* Dataset records:
BEGIN
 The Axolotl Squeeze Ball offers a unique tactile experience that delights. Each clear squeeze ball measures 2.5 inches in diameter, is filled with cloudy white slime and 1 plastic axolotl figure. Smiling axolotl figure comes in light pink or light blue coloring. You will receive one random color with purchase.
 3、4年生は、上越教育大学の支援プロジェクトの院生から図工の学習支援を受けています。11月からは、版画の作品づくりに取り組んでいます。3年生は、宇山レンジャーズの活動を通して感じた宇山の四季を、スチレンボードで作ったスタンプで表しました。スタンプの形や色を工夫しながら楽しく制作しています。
END
BEGIN
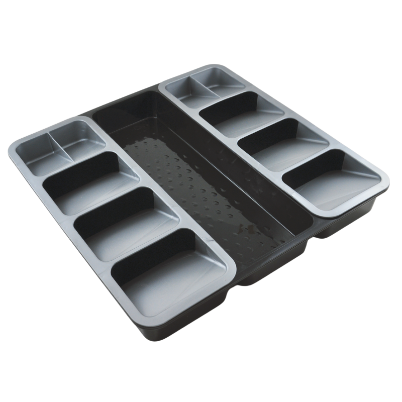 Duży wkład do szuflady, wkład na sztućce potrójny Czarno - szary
END
* What is being asked: Please give back, exactly as it stands above, the stretch from the line with "The Axolotl Squeeze" through the line with "3、4年生は、上越教育大学の", and no line outside it.

* Answer box:
 The Axolotl Squeeze Ball offers a unique tactile experience that delights. Each clear squeeze ball measures 2.5 inches in diameter, is filled with cloudy white slime and 1 plastic axolotl figure. Smiling axolotl figure comes in light pink or light blue coloring. You will receive one random color with purchase.
 3、4年生は、上越教育大学の支援プロジェクトの院生から図工の学習支援を受けています。11月からは、版画の作品づくりに取り組んでいます。3年生は、宇山レンジャーズの活動を通して感じた宇山の四季を、スチレンボードで作ったスタンプで表しました。スタンプの形や色を工夫しながら楽しく制作しています。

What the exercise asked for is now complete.